PFAS are a group of more than 9,000 manmade chemicals used in a variety of industrial and consumer products. Known as forever chemicals, PFAS persist in the environment because they are made up of strong carbon-fluorine chemical bonds, which are difficult to break.

Diagram indicating a spill site, subsequent contaminated zone, and the PFAS that are concentrated in the anaerobic reaction zone near the source.
Men and team hope their system can break down PFAS in groundwater faster than current technologies.
(Image courtesy of Yujie Men)

Although some microbes can break down contaminants like PFAS in a process called bioremediation, the diversity of PFAS structures adds complexity to this type of chemical degradation.

Breaking the Carbon-Fluorine Bond

The team explored how microorganisms, such as bacteria, can break the strong carbon-fluorine bonds that hold PFAS together —a process called defluorination. The goal is to transform them into non-toxic products in environments that are anaerobic, or without oxygen, such as groundwater. Their study included 16 different fluorinated carboxylic acids (FCAs), a relatively new group of PFAS.

They observed that unsaturated FCAs, which have at least one double bond between their carbon atoms with a fluorine atom attached to the double carbon bond, were more vulnerable to defluorination under anaerobic conditions. In contrast, saturated FCAs with similar structures were not degraded by the anaerobic microbial community. Saturated PFAS have no double bonds at all.

The molecular structures of FCAs Me-C6b, MeU-C6b, and MeU-C6a, highlighting the placement of fluoride atoms and carbon-carbon double bonds.
The FCAs Me-C6b, MeU-C6b, and MeU-C6a are structurally similar but the placements of the fluorine atoms and carbon-carbon double bonds affect their degradation potential. The polyfluorinated saturated compound Me-C6b was not defluorinated. MeU-C6a, which is unsaturated and perfluorinated, had a higher defluorination rate than the unsaturated polyfluorinated MeU-C6b.
(Image adapted from Yu et al., 2022)

Further, unsaturated compounds with fluorine atoms linked to every carbon in the chain, called perfluorinated FCAs, had higher defluorination degrees than the polyfluorinated ones. Polyfluorinated FCAs have at least one carbon atom in the chain that is not bound to fluorine.

They also observed that the location of the fluorine atoms is important. For example, MeU-C6b, which has no fluorine atoms linked to the carbons with double bonds, had low defluorination degree compared to the other unsaturated chemicals.
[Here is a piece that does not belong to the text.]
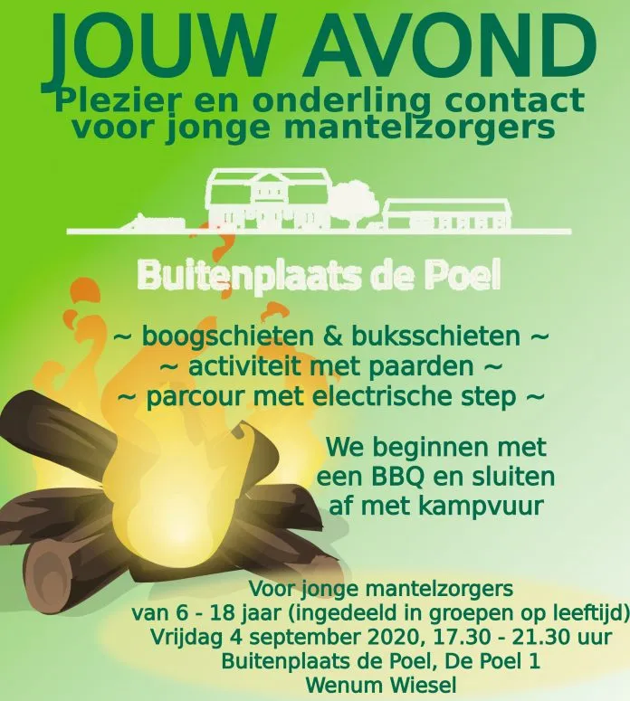 Jonge mantelzorgers uit Hattem zijn op vrijdag 4 september van harte welkom bij Buitenplaats de Poel in Wenum Wiesel. Er is voor hen een te gekke avond georganiseerd vol met activiteiten en gezelligheid. Aanmelding voor deze funavond kan via de website van www.swhattem.nl. Voor vragen kan je ook contact opnemen via de website van swhattem.

These results have implications for designing novel PFAS alternatives that can be easily degraded, the authors noted.

Using Oxygen to Improve Remediation

Two graphs denoting U-C5c concentrations, which did not degrade in anaerobic remediation, exhibited an 80% defluorination rate under aerobic conditions.
Compared to anaerobic bioremediation, the aerobic activated sludge experiment enhanced the defluorination and removal of the polyfluorinated FCAs, such as U-C5c.
(Image adapted from Yu et al., 2022)

The researchers also tested an aerobic remediation approach in which microorganisms in activated sludge, obtained from a local wastewater treatment plant, use oxygen to degrade FCAs.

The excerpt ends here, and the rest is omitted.